A local three-year-old, the unfancied Flying Buck with a boy jockey on board, won the race. Winning owner William Yuille has a significant place in Australian racing history. He and his family founded the Australian Stud Book, official recorders of thoroughbred pedigrees.

None of the subsequent Australian Champion Races in those other centres created quite the excitement of the first, or attracted such high quality fields. The Melbourne Cup swiftly surpassed it as ‘Australia’s Greatest Race’.

Twice in the 1860s the VRC hosted a three-mile Australian Champion Race back at Flemington. John Tait’s The Barb, hero of the previous Melbourne Cup, won the 1867

Champion Race in a field of five. But from that time onwards, no club in any other colony volunteered to host the big race. The Champion Race lapsed, only to be revived as an annual feature of the VRC New Year’s Day meeting from 1876. Unbeaten Grand Flaneur added the Champion Race to his tally in 1881.

January in Melbourne can be too hot for comfortable racing. Three years later the VRC shifted the Champion Race to the autumn. But the taste for such marathons was waning, and the event began attracting smaller fields, to diminishing public interest. In 1916 it was renamed the King’s Plate, soon shortened to two miles.
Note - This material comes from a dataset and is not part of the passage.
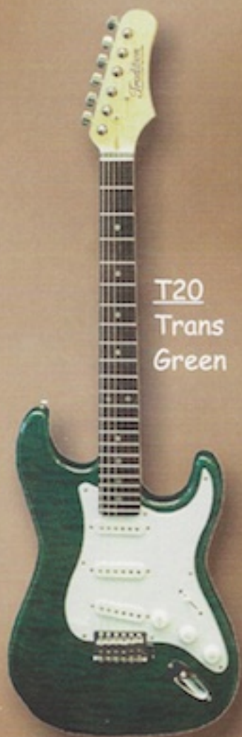
T20 Trans Green

The name Champion Race or Champion Stakes disappeared, and has not been used at Flemington since.

Now it returns as ‘The Champions Stakes’, in tripartite form that will certainly have wide appeal to racegoers, owners and trainers alike – a grand finale to the Melbourne Cup Carnival.
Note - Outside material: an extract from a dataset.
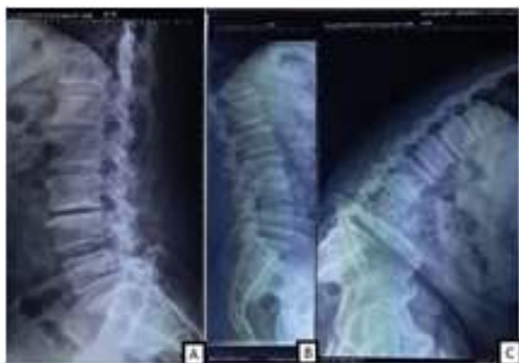
Figure 3. The conventional lateral radiograph of one of the study subjects (A) shows osteophytes and there is no spondylolisthesis. The extension lateral radiograph (B) demonstrates no spondylolisthesis, but the flexion lateral radiograph (C) reveals anterolisthesis at the level of L4-5.

Other findings of degenerative disease of the spine such as osteophytes and spinal joint narrowing on both conventional lateral and dynamic lateral (flexion and extension) lumbosacral radiographs were similar, in which osteophytes were found in all subjects (100%), and spinal joint narrowing were seen in 83.3% of subjects. However, another finding in the form of vacuum disc phenomenon was different. We found that vacuum disc phenomenon was more common on extension lateral radiographs (35.7%) than on conventional lateral radiograph (28.6%) and flexion lateral radiographs (11.9%).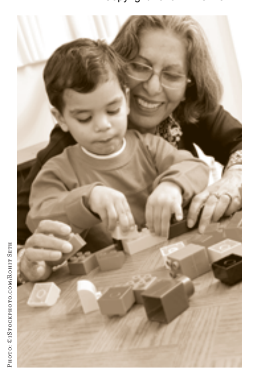
Research on the impacts of home visiting for parents is mixed.

program models. Agencies and stakeholders interested in offering home visiting services invest in approaches that seem most likely to achieve their targeted outcomes and fit within state or local contexts and agency cultures as well as within the limits of available resources and capacities. The result is a complex web of home visiting services sometimes multiple models operating under different auspices in a community or state, other times a single model operating in one or multiple locations and settings.

And a hoofnote for those who value continuity in Australian racing. Both the Kennedy Champions Mile and the TAB Champions Stakes retain their ‘registered’ race names: the Cantala and the Mackinnon. The original Cantala Stakes – always a mile – was introduced on Victoria Derby Day 1919 to honour Septimus Miller who served forty years on the VRC committee, twelve years as Chairman. Miller asked for the race to be named not for himself but for his property, Cantala, on Dandenong Road, Caulfield.

The Cantala Stakes moved to Final Day in 1960, rebranded as the George Adams

Handicap, for the founder of Tattersalls lotteries, and run in later years under a succession of sponsors’ names. The Cantala went back to Victoria Derby Day in 2019 as the Kennedy Mile, but now returns, bigger and better, as part of TAB Champions Stakes Day.

Similarly, officially the TAB Champions Stakes of 2022 continues to recognise LKS Mackinnon, thirty years on the committee, 19 years its Chairman (1916–35). Until 2016 the race was a curtain raiser on Victoria Derby Day for the Melbourne Cup. Since that year it has taken pride of place on the final day. Now it stands proudly as part of a trio of races for champions. May the best horses win.